#otd1945.03.27
The Last V2 Rocket

The German frontlines were obviously crumbling, but the last V2 rocket was nevertheless launched at Antwerp as late as 27 March 1945. A final German rocket had hit London just a few hours earlier. The following day, the last V1 flying bomb struck Antwerp. It was the end of the Nazis’ so-called “miracle weapons”.

The new weapons had never had the impact the Germans hoped they would have. Many missed their aim. Yet owing to the great number of launches, the rockets nevertheless wrought substantial destruction in the two main target locations, London and Antwerp. Over half of the altogether 3,200 rockets fired fell in Antwerp. More than 3,500 persons died in that city through V weapons alone.

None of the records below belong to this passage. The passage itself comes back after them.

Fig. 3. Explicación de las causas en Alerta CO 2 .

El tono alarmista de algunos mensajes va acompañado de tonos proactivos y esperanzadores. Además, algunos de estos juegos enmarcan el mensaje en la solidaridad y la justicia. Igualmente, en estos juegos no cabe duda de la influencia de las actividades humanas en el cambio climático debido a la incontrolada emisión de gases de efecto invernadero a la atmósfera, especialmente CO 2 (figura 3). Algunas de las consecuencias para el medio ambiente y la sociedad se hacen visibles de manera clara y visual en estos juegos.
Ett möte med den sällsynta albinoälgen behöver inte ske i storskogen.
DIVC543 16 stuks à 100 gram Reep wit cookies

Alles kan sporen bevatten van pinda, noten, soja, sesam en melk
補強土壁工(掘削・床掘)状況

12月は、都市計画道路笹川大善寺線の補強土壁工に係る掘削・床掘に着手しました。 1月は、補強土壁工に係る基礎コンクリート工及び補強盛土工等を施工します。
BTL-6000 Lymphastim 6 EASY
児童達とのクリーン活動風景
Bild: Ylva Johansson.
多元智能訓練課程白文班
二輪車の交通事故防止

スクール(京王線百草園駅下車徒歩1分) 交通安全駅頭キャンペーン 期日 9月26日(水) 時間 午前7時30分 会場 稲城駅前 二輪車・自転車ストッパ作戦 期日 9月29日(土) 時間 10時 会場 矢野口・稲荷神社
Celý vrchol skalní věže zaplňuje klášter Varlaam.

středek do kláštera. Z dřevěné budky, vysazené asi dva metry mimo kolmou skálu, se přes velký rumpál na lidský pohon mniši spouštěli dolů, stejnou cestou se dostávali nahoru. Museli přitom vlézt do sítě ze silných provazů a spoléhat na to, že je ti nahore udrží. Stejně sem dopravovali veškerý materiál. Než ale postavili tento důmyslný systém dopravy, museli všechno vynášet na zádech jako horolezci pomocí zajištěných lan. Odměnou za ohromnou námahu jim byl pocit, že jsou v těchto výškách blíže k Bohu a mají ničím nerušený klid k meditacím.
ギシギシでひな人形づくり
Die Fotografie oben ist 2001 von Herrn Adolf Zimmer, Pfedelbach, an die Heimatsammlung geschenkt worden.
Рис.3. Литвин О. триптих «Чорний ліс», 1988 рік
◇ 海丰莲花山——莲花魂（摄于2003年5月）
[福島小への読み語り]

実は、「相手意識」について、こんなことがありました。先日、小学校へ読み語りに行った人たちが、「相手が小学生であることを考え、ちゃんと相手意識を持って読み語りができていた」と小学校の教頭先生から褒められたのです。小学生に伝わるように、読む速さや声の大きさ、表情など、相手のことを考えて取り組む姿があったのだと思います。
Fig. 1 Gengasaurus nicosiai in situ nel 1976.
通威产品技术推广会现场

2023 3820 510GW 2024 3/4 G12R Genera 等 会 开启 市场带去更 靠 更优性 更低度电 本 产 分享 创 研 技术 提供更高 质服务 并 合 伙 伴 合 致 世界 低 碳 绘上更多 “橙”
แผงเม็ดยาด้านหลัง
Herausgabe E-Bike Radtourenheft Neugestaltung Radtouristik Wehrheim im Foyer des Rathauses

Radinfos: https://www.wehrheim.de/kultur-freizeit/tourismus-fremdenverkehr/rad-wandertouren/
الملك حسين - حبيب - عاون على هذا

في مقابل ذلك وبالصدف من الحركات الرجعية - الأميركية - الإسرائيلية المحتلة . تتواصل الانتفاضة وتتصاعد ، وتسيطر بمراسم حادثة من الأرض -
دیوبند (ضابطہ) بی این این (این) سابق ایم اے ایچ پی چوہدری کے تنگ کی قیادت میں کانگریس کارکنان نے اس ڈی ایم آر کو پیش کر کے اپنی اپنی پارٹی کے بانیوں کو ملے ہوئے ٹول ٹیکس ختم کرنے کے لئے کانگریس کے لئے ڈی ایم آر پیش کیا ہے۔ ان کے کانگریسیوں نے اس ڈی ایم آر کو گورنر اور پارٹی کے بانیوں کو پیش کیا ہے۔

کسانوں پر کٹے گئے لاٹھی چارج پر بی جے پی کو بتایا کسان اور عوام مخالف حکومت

Work in the rocket factories likewise ceased at the end of March. In an underground armaments factory near Nordhausen, Mittelbau-Dora concentration camp inmates had had to perform forced labour in the serial production of the V2.

(Karsten Uhl)

References: Heinz Dieter Hölsken, Die V-Waffen: Entstehung – Propaganda – Kriegseinsatz, Stuttgart 1984.

Michael J. Neufeld, The Rocket and the Reich: Peenemunde and the Coming of the Ballistic Missile Era, Cambridge, Mass. 2000.